How do the brain’s sensory regions adapt when input signals are cut off? How swiftly do deprived neurons become receptive to alternative inputs? And how does this adaptability—or “plasticity”—change as the brain grows older? Such questions have been contentious among neuroscientists, many of whom have theorized that neural plasticity greatly weakens with age. Now a new study hints that the brain is wired for a very fast-acting type of plasticity, even in adulthood.

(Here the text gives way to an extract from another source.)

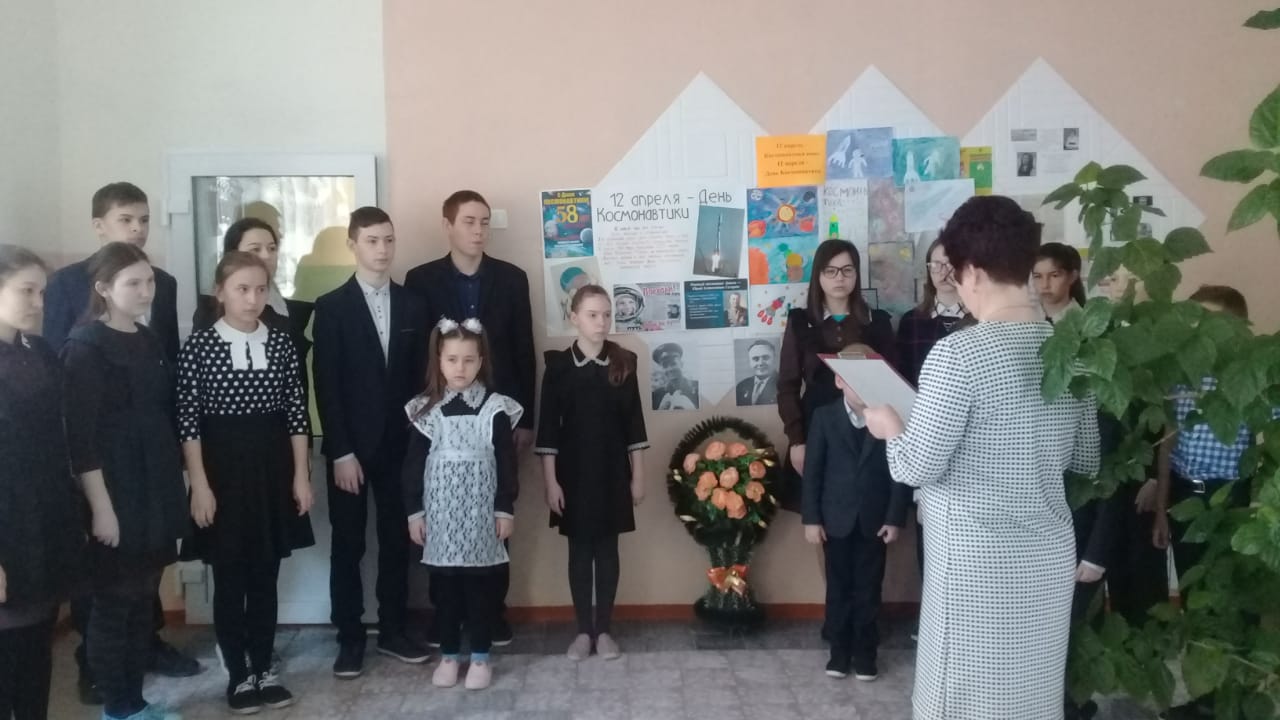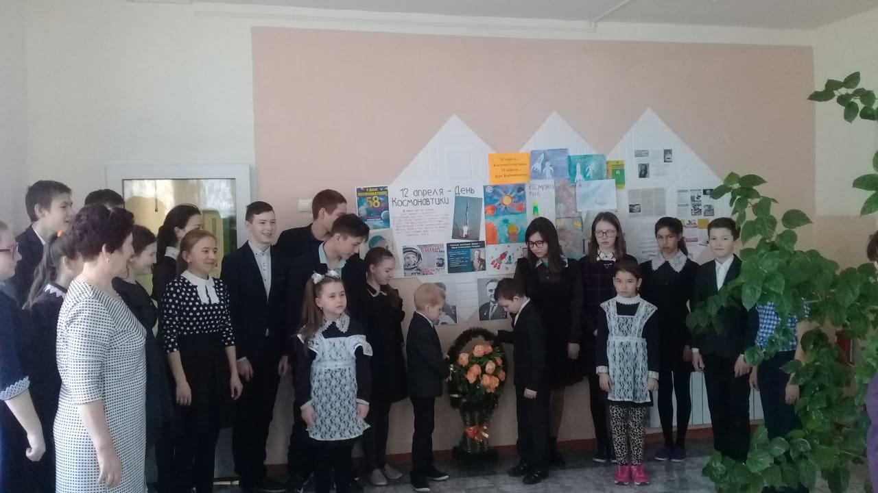 Сегодня, в рамах респубиканской акции "108 минут вместе с Юрием Гагариным!», в школе прошел единый урок "Космос - это мы". Урок начался с показа видеофильма "1961 год первый человек в космосе Юрий Гагарин", далее библиотекарь Сафаралиева Л.А. презентовала книгу "Слово о сыне" автором которой является мать Первого космонавта Анна Тимофеевна Гагарина. Учитель физики Вафина Л.А. совместно с худ. руководителем сельского ДК провели интерактивный урок "Космос - это мы", урок сопровождался показом презентации и викториной. ЗДВР Хабибуллина Л.Т. подвела итоги конкурса рисунков ко Дню космонавтики. В конце урока учащиеся возложили венок к портретам Ю.А.Гагарина и С.П.Королева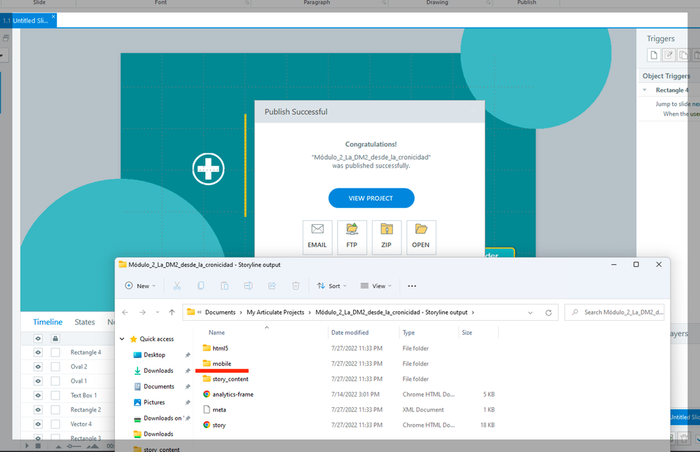 Hola a todos. Me pasa algo extraño. He realizado unos juegos con Story 360 y al publicarlos para LMS en algunos aparece la carpeta mobile y en otros no. Adjunto captura para explicarlo mejor. Están exactamente igual ambos proyectos pero uno de ellos no se ve en dispositivos móviles. Alguien puede ayudarme?

The research, published in the July 15 Journal of Neuroscience, was prompted by an earlier evaluation of a man who had suffered a stroke. The loss of blood flow in his brain had destroyed nerve fibers that send visual information from his retina to his primary visual cortex. Daniel Dilks, then a doctoral student at the Massachusetts Institute of Technology, led a study showing that six months after the stroke, the information-deprived neurons in the man’s primary visual cortex had begun to respond to inputs from adjacent visual neurons instead. The “blind” part of the visual field thus displayed information from nearby, non-blind fields, resulting in a measurable distortion of perceived images.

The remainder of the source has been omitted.